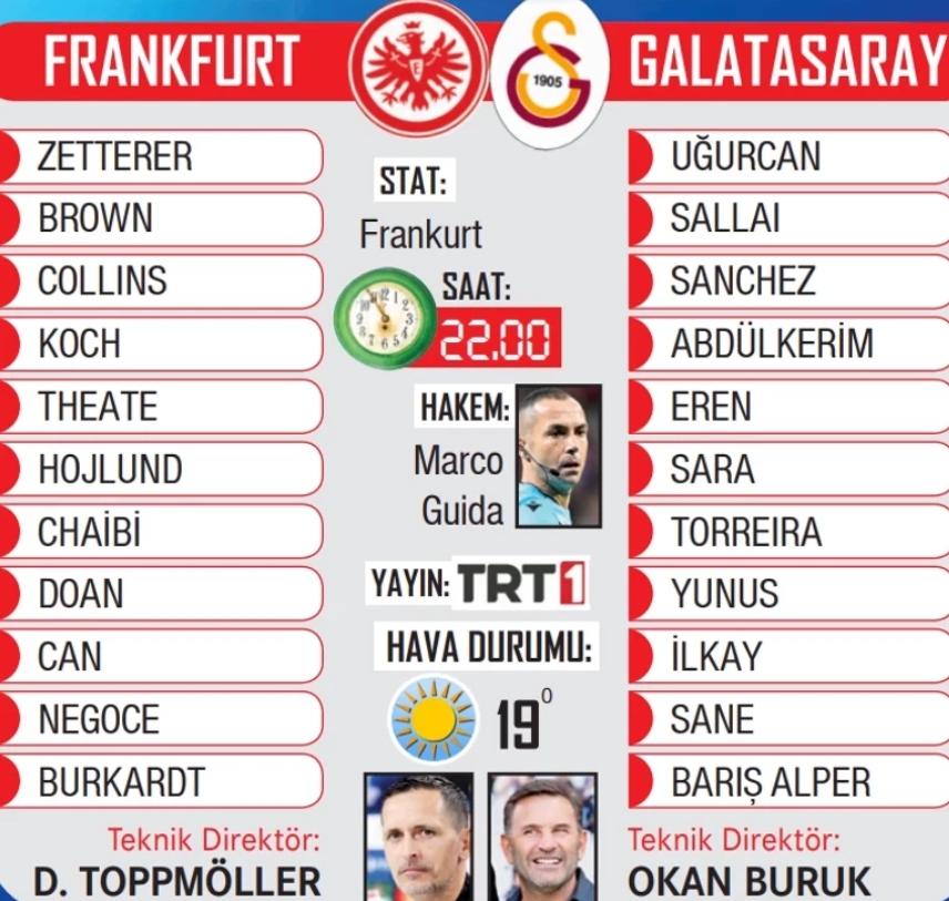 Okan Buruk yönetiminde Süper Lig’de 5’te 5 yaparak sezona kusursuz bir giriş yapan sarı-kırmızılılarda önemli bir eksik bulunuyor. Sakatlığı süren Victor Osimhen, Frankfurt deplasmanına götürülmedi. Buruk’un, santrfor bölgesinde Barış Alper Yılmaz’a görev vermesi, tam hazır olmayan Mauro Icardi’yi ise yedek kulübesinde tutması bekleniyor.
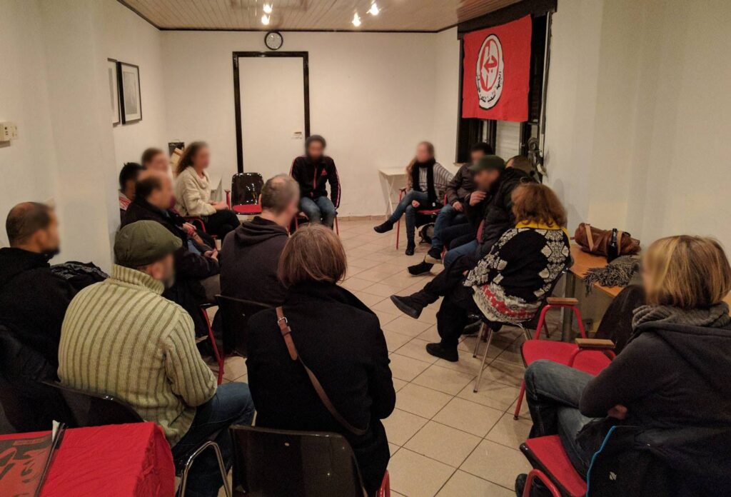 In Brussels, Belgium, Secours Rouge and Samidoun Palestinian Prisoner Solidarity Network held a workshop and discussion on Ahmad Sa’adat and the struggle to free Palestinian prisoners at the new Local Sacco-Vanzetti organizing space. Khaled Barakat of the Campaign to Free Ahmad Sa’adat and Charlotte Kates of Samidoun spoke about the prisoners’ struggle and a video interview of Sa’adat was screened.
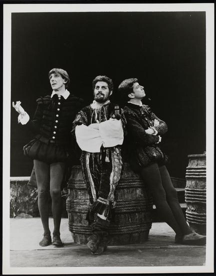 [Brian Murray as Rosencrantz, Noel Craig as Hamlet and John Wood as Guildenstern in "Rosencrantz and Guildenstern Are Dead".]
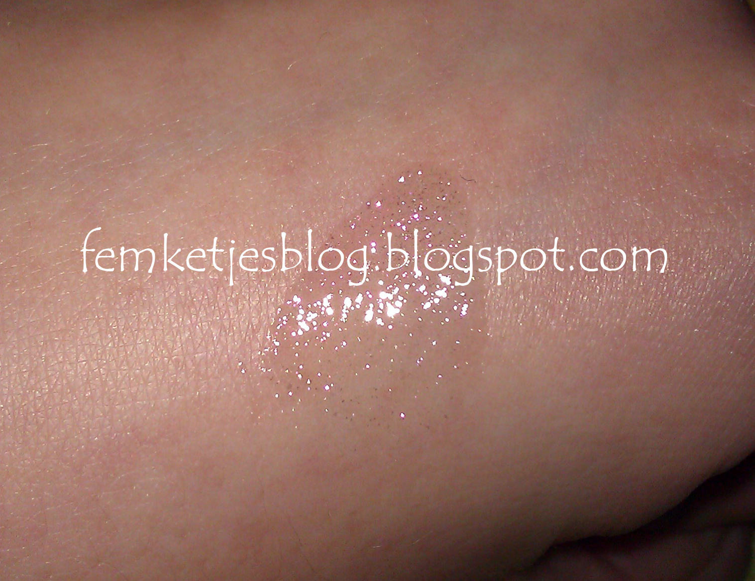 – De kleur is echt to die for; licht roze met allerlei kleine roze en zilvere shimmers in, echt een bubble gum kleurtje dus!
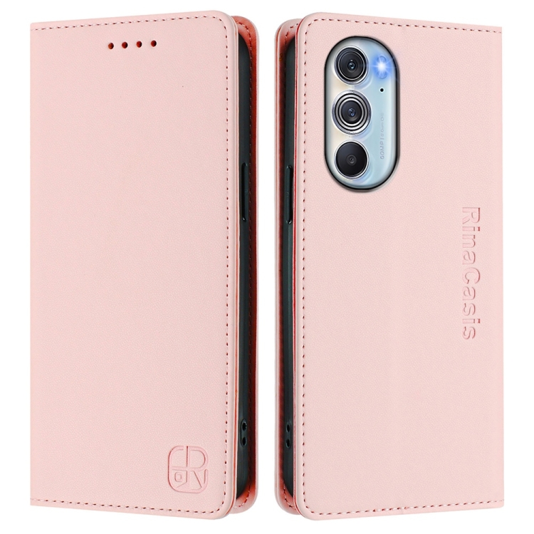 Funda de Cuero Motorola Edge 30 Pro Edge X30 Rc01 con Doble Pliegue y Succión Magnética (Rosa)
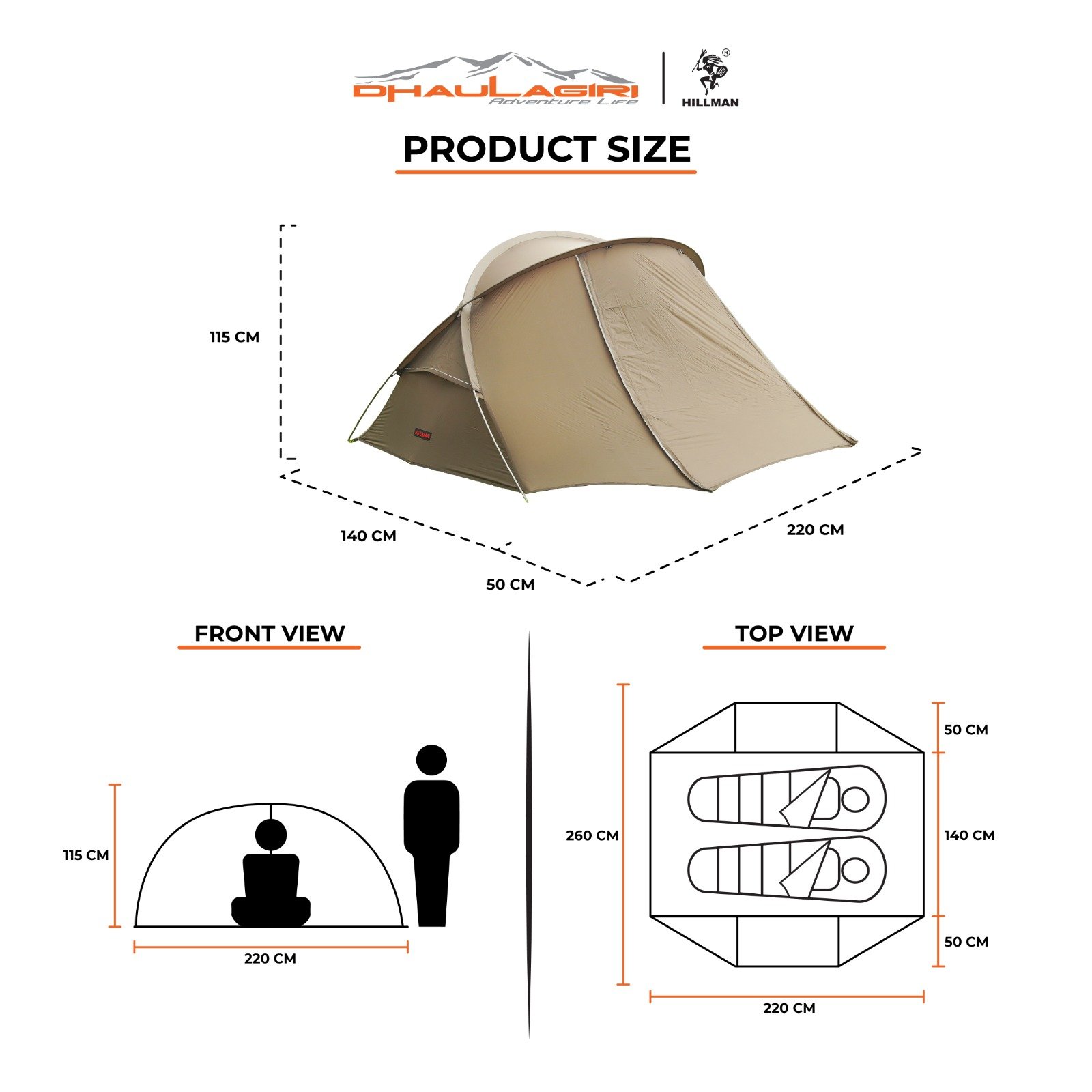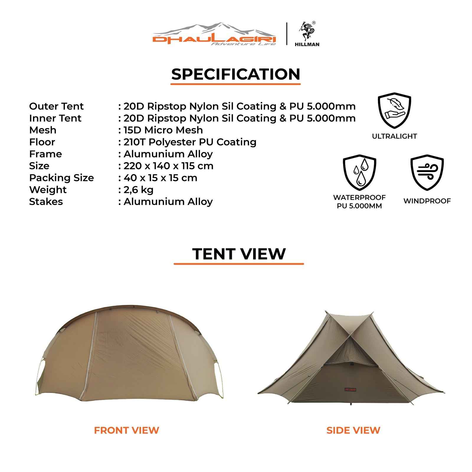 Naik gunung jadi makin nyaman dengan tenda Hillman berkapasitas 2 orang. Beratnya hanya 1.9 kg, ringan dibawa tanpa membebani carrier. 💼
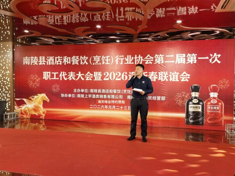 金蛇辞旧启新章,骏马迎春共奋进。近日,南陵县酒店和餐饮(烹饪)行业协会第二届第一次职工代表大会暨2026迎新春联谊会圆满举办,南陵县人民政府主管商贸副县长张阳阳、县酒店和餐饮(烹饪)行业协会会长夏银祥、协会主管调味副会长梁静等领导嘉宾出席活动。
# # # #
- [Brief]
All that is wanted is the lines above between the one containing "gum kleurtje dus!" and the one containing "Naik gunung jadi", inclusive, restated word for word, with pictures omitted.

- [Worked solution]
 – De kleur is echt to die for; licht roze met allerlei kleine roze en zilvere shimmers in, echt een bubble gum kleurtje dus!
 Funda de Cuero Motorola Edge 30 Pro Edge X30 Rc01 con Doble Pliegue y Succión Magnética (Rosa)
 Naik gunung jadi makin nyaman dengan tenda Hillman berkapasitas 2 orang. Beratnya hanya 1.9 kg, ringan dibawa tanpa membebani carrier. 💼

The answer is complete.